Over the years, enhanced by Ronald Reagan's rhetorical repetition, Republicans took away the words "liberty" and "freedom" from the liberals, who were left only with the crucial, bedrock word "justice" that they didn't often want to hurl against the Republicans. Too bad, because the hardest word for the Republicans to hijack is "justice." Note its rarity in that Party's speeches and writings. Without "justice," of course there is little "freedom" or "liberty."
More recently, Republican extremists and the media have usurped the word "populist" to misuse it as a pretext to "divide and rule," while the corporatists laugh all the way to the megabanks that are "too big to fail." Populism was a political movement against gigantic concentrated corporate power of the banks and railroads over 100 years ago, on behalf of all the people. That is what the farmers and workers were driving their populist revolts to achieve.

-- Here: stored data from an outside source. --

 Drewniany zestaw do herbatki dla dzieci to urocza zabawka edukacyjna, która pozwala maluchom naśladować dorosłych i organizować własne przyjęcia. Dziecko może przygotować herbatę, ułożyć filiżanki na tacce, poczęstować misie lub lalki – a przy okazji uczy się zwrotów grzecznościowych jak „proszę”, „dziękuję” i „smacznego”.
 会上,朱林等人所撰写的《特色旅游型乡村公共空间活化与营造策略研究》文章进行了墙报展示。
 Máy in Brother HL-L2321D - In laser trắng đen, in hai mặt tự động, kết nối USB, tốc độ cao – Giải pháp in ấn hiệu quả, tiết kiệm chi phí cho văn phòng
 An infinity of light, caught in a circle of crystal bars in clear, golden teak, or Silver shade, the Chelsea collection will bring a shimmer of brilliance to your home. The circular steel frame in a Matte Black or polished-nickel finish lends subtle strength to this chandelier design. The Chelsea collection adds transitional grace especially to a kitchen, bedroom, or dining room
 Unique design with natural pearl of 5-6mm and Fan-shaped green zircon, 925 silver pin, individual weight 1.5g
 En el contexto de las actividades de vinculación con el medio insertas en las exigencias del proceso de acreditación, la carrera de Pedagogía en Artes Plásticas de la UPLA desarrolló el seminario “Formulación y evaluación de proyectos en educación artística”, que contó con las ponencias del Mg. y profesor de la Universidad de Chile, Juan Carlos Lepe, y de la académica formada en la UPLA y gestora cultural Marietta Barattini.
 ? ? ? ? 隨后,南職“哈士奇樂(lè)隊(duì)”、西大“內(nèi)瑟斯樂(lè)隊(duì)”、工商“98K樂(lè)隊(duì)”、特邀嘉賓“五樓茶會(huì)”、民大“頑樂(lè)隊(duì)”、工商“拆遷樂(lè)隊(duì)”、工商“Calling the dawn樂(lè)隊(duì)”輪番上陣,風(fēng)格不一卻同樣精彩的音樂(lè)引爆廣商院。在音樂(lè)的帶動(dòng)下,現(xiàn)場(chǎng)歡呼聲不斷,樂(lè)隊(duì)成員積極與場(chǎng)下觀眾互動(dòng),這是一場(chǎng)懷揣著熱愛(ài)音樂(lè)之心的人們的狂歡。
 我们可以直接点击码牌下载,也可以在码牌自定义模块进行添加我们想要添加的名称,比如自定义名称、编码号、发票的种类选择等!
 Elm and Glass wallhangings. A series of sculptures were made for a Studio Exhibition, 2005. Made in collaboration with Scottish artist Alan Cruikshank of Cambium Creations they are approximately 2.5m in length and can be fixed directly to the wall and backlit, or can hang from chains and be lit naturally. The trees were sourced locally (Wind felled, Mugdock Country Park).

The latest verbal usurpation is making "globalism" into a dirty word, as former Wall Streeter, Steve Bannon has done. Notice the absence of any qualifying adjective. There are different types of globalization. The word is used to identify financial/corporate transnational creators of a global world order opposed to nationalism. In reality, the other globalism brings together people who believe in global unity. This includes beneficial global treaties, normal commercial laws, and disaster rescue efforts.
Above all, there is civic globalization where the forces of just democratic societies unite with environmental (eg. climate disruption), worker, consumer, cooperative and charitable missions. Given the interdependencies of the natural environment and the mutual reinforcements of justice initiatives, we should talk much more about civic globalization as a counterweight to globalized corporations strategically planning and advancing their commercial priorities.
Civic globalization recognizes that the nation state remains, economist Herman Daly has noted, the main defense against global corporate predators.
Turning "globalists" and "globalization," without any adjectives, into pejorative stereotypes fosters other forms of prejudicial propaganda.
The Republican wordsmith, Frank Luntz has scoffed at the Democrats' verbal ineptitude or indifference. Luntz coined the phrase "death tax" to replace "estate tax", and with the media's repetition almost got the Congress to repeal this tax that is overwhelmingly on the wealthy. Fortunately, in 2002 the Democrats blocked this all out Republican effort in the House and the Senate. Once when asked, what would he have called the "estate tax" were he a Democrat, Luntz smiled and immediately said "the billionaires' tax." His gift to the Democrats was not adopted as a moniker in this continuing plutocratically-driven struggle over mind-shaping words and phrases that so often serve to obscure contrary deeds.